Monochromatic rectangle on a two-colored plane

[bonanova]

This problem is adapted from a problem given in the 1976 USA Mathematics Olympiad.

 

Prove or disprove:

 

Any 2-colored plane contains an m x n monochromatic rectangle (4 vertices of same color) such that

1. m = 1 or 2, and
2. n <= 6.

[Rainman]

Consider coloring the corners and intersections in this figure, either red or blue. Suppose it can be done so that no monochromatic rectangle exists.

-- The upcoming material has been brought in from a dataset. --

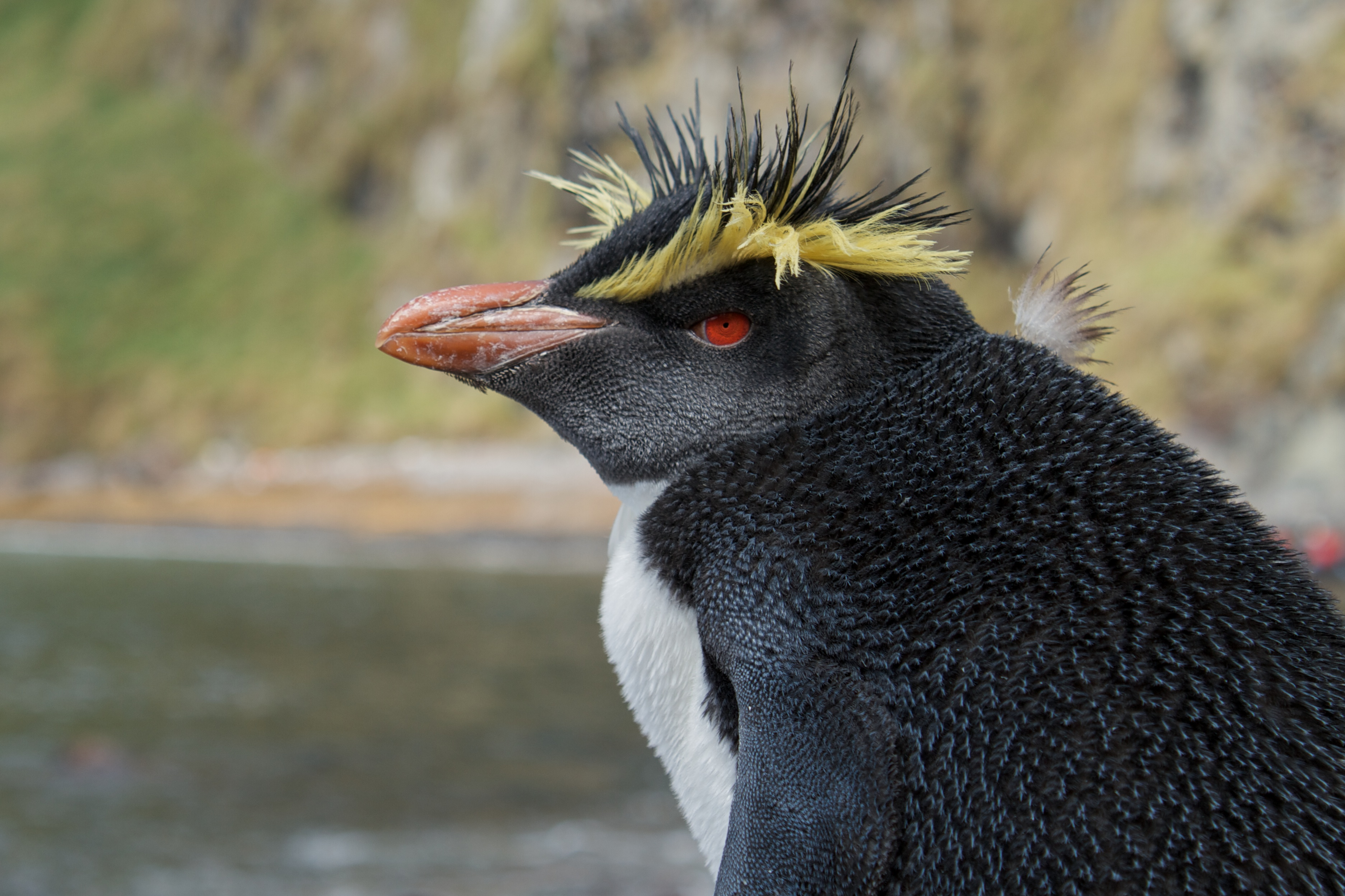 Northern Rockhopper Penguin on Inaccessible Island.

Let (a,b) denote column a, row b, according to the numbers in the figure. If any column has all three points of the same color, change one of them to the other color. For example, if (3,0), (3,1), and (3,2) are all red, change one of them into blue. This change can never result in a new monochromatic rectangle appearing, so we still have no monochromatic rectangles. Repeat this process until all columns have both colors. There are six possible coloring patterns for a column: RRB, RBR, RBB, BBR, BRB, and BRR. However, there are seven columns, so two of them must have the same pattern. This will yield a monochromatic rectangle. For example, if columns 2 and 5 are both RRB, then taking the two red points from each column yields the rectangle (2,0),(2,1),(5,1),(5,0) which is all red and is of size 1x3. So there will always be a monochromatic rectangle in this figure. Finally note that any monochromatic rectangle from this figure is of requested size.